How can we find out that a certain breakout of a particular stock price is genuine and not a fake one -so that we trade on that?
shall I pick up the rising volume as a supporting thing?
shall I pick the crossing above a regular pivot level as a strong guidance?
OR SHALL I base my decision on stockhastics or roc?
IMHO, first things first: I do not suggest in anyways trading only on breakout, I dont practise that myself. I dont suggest buying simply on breakouts of yeasterday high, and selling of a stock on break below yesterday low. Things can never be that simple in the market.
At the time of breakout the volume goes high and prices move with great force. Momentum based strategies work here.
Yes, more important is what if prices cheat on us. If the risk element is well taken care of only rewards are left.Let me elaborate.
Prices have some amount of randomness, and the amount of randomness exactly at a point of time should be judged. Say if we are about to buy, the prices have some definite probability to move up, and a definite probability to move down. A picture says more than a thousand words.

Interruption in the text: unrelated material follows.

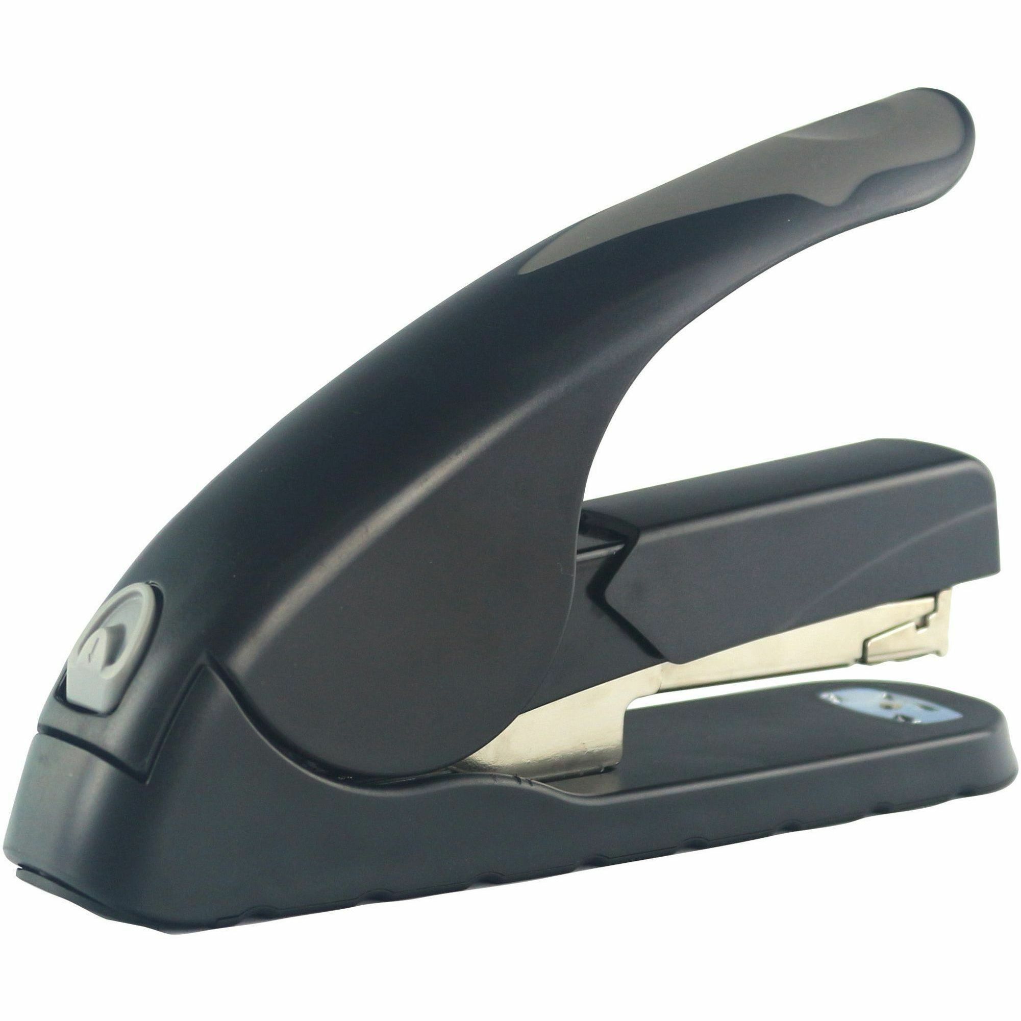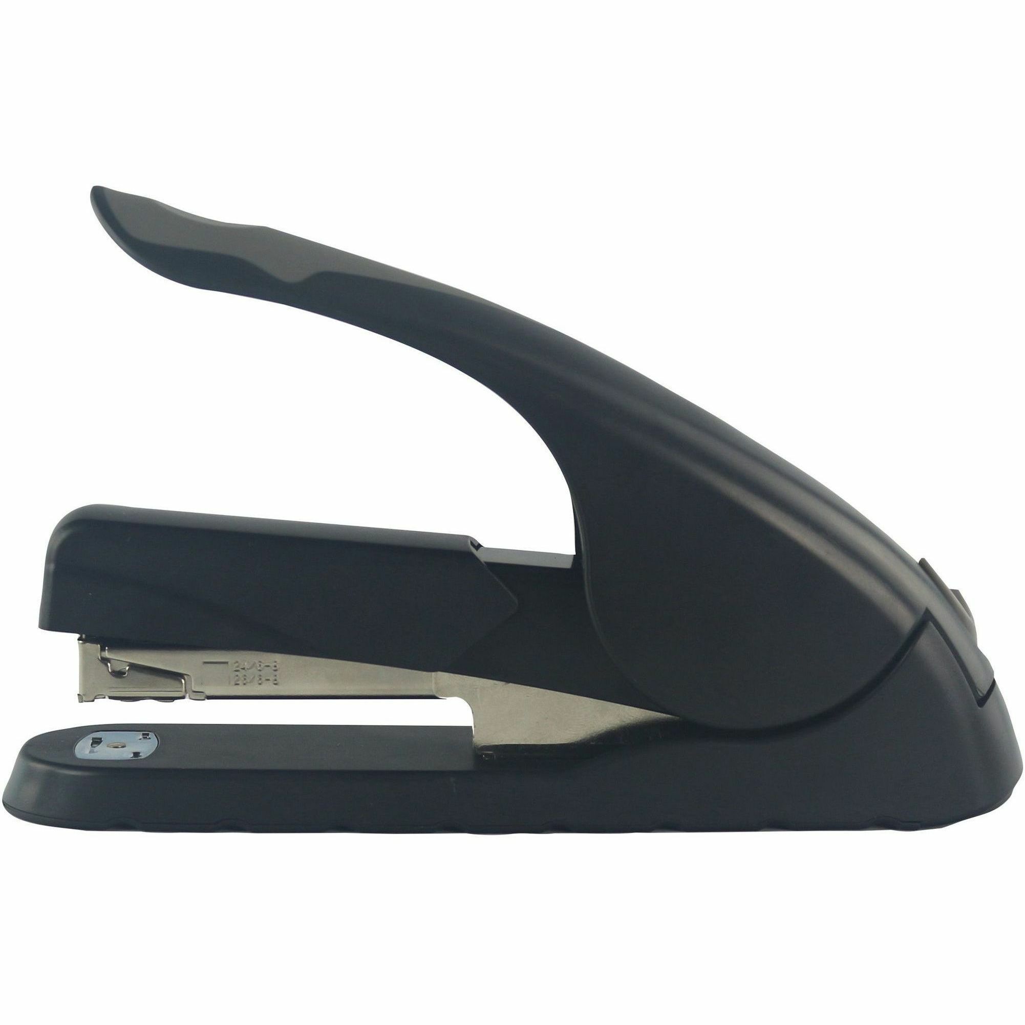 | Product Description | Full-strip stapler features finger-touch technology that takes 60 percent less effort. Stapler also uses both standard and high-strength staples. Standard-size staples (1/4" leg) fasten 20 sheets of 20 lb. paper. Use 5/16" staples to fasten 21 to 40 sheets. Front-loading stapler holds 210 staples. Push button releases staple magazine. Design also features an anti-slip base and rotary anvil. |

http://www.traderji.com/57594-post48.html
I had suggested a long position on NALCO since it had been under a very clear accumulation. What shall an analyst have said about the probability of moving down? 0.5? then he is not an analyst. The prices had little chances of moving down from there, say less than 0.1. The breakout did not happen at that particular time. But they did not move with countertrend either. They make noise for sometime, and then start giving me profits. And so i won.
Next consider the chart of TITAN, I have been suggesting it tens of times in the chatroom the past week. What does one judge about its probability of moving up? Open for criticism, just like BOMBAYDYEIN.
Now about the rewards. Once a breakout-trade becomes successful it is suggested to start pyramiding up as much portfolio as risk/reward allows.Even if one one breakout can be identified in a month it is worth the efforts, that is.
Now more about picking up a possible candidate for breakout. IMHO, prices and volumes are the most important thing. Everything else follows. Thats why I said pattern study is most important. I do not use stochs or MACD or MAs. I use only Bollinger Bands, that too just because they help me visualize faster and easier. Please dont ask me to give my full system for public criticism.
Sir, I cant call myself an expert. Theese are my views only.